Keyword : Neonatal seizure; Nonketotic hyperglycinaemia

Abstract in Chinese


Nonketotic hyperglycinaemia or nonketotic hyperglycinaemic encephalopathy (NKH) is an autosomal recessive inborn error of glycine metabolism with poor prognosis. The inherited defect of the glycine cleavage system leads to accumulation of glycine in body fluids, such as plasma, urine and particularly, cerebrospinal fluid (CSF).1 In the neonatal type, NKH generally presents with intractable seizures, hiccups, muscular hypotonia, and apnoea.2 Elevation of glycine in the brain is thought to be responsible for these symptoms.

We report a baby girl with a clinical course of the neonatal type of nonketotic hyperglycinaemia treated with sodium benzoate, dextromethorphan, anticonvulsants and supportive treatment.

Case Report

This female newborn was the second child of healthy non-consanguineous parents. The antenatal history was uneventful except that polyhydramnios was detected since 33 weeks of gestations. She was born at 38 weeks of gestation, with a birth weight of 3010 grams. The birth was a normal spontaneous delivery, with Apgar scores of 10 at 1 and 5 minutes.

Hypothermia and unstable temperature were noted on the first day of life. After initiation of feeding, increasing lethargy with poor feeding was observed at 24 hours. She became floppy with diminished response to painful stimuli. She was also noted to have a weak cry, repeated hiccups and paucity of movement. Pupil sizes were normal and reactive to light. Deep tendon reflexes were intact. No seizure was evident at that time. Sepsis and meningitis were suspected as the baby had unstable temperature and depressed sensorium. Sepsis screening including blood culture and lumbar puncture were performed. Broad-spectrum antibiotics (ampicillin and cefotaxime) were started.

However, her clinical condition continued to deteriorate on the next few days. She developed repeated apnoea, desatuation (SaO2 70-80% on 28% O2) and carbon dioxide retention (70 mmHg) on day 3 of life. She was then managed with endotracheal intubation with mechanical ventilation. Non-contrast computed tomography of the brain (Figure 1) on day 4 of life showed decreased attenuation of white matter only. Electroencephalography on day 6 of life showed low amplitude slow waves compatible with encephalopathy.

Figure 1 The white matter appeared hypodense on the pre-contrast CT brain study. The ventricular system and sulcal spaces are slightly capacious.

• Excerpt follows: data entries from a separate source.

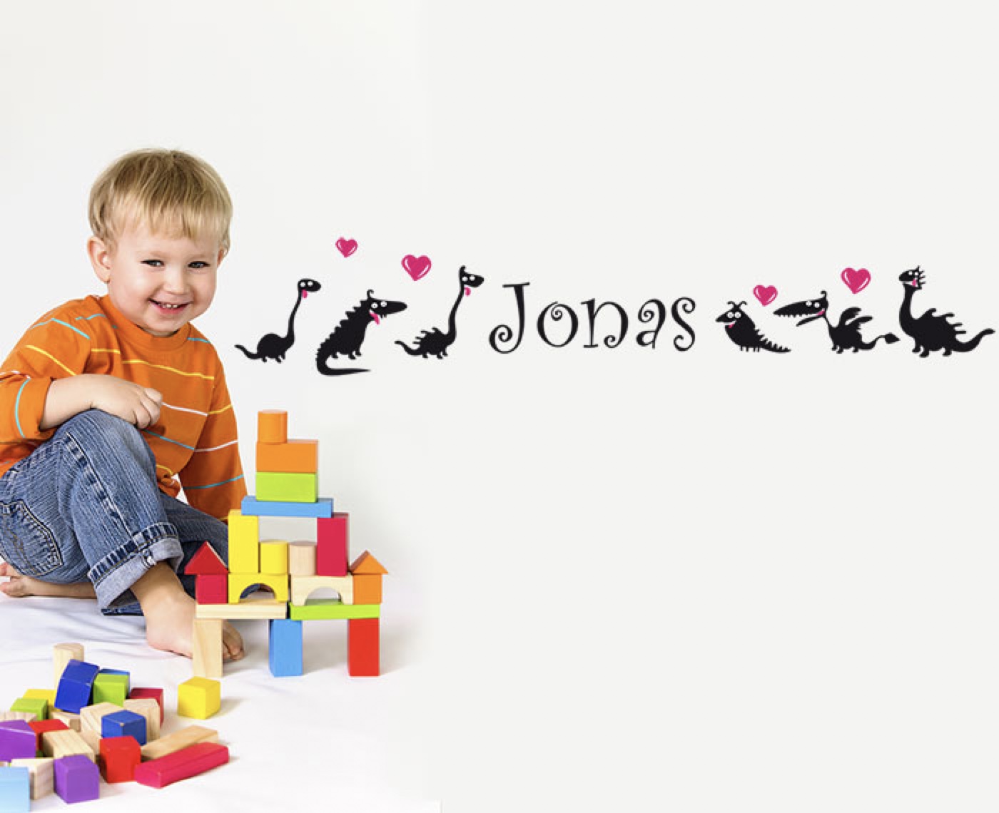 Wandtattoo Drachen Ein schöner Drachen mit individuellem Namen in gebogener Schrift.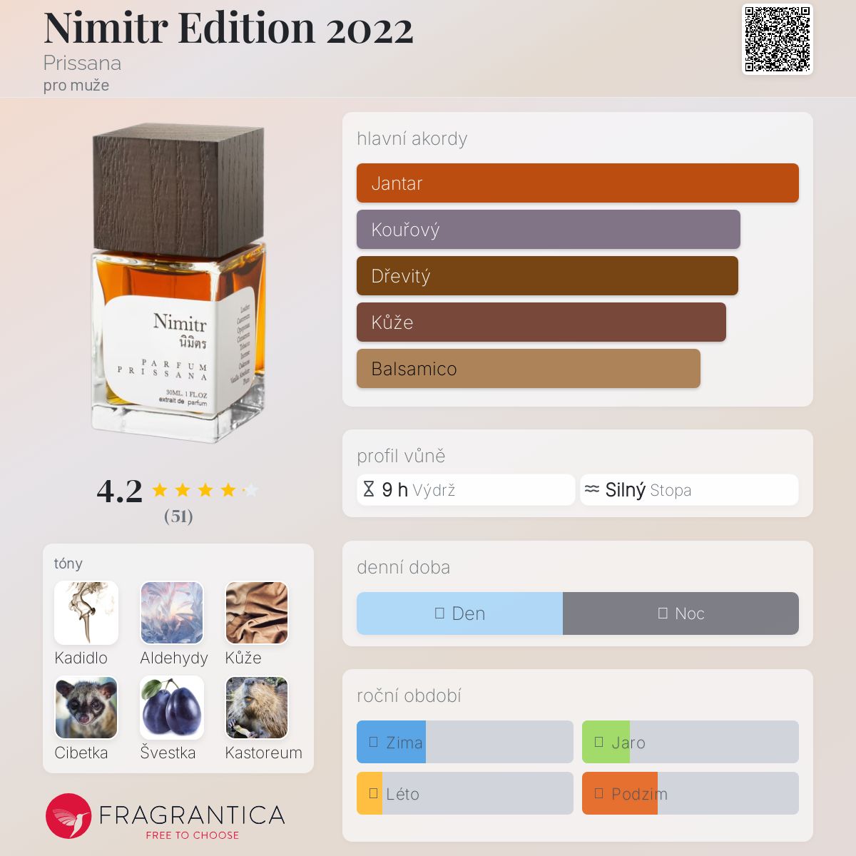 Nimitr Edition 2022 podle Prissana je vůně pro muže. Nimitr Edition 2022 byl/a uveden/a v roce 2022. "Nosem" za touto vůní je Prin Lomros.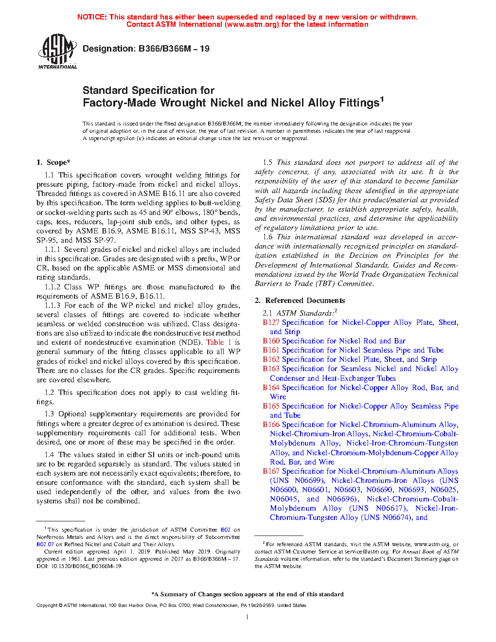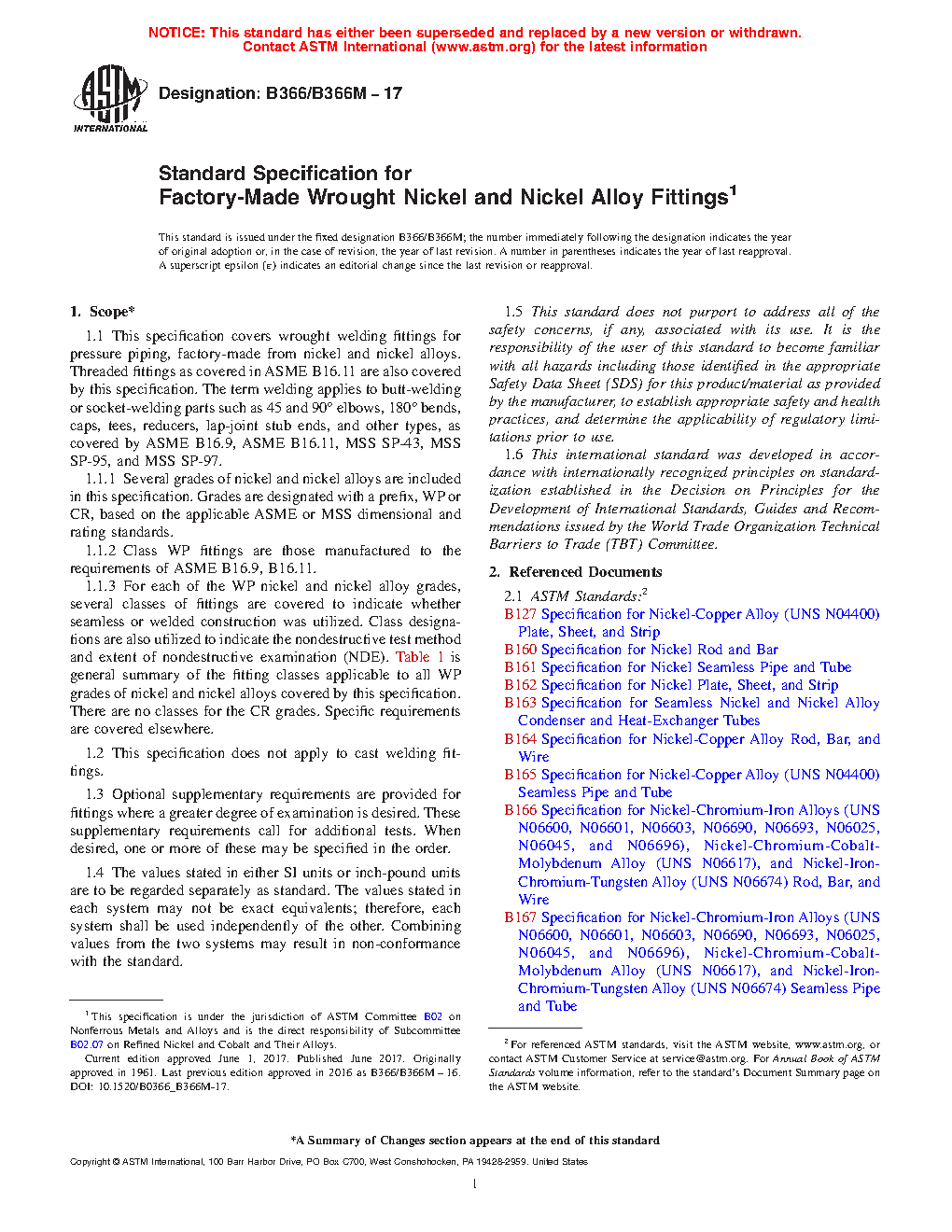 1.1.1 Several grades of nickel and nickel alloys are included in this specification. Grades are designated with a prefix, WP or CR, based on the applicable ASME or MSS dimensional and rating standards.

Inborn errors of metabolism was suspected because of the disturbance in consciousness and negative sepsis screening results. No hypoglycaemia or metabolic acidosis was noted. The serum levels of ammonia, lactate and pyruvate were normal. Serum urate level was normal. Serum amino acid pattern analysed semi-quantitatively by thin layer chromatography did not reveal any abnormality. Urine for ketones, reducing substances were negative and urinary organic acids were of normal pattern. Urine for amino acid pattern was within normal limits. No definitive diagnosis could be made at that juncture and feeding was resumed via nasogastric tube.

She developed intractable seizures since day 11. The seizures were characterised by myoclonic jerks, rotational eye movements and arching of the back. She was treated with phenobarbitone but the seizures were poorly controlled. Another set of metabolic screening was repeated at that time but the results were unrevealing.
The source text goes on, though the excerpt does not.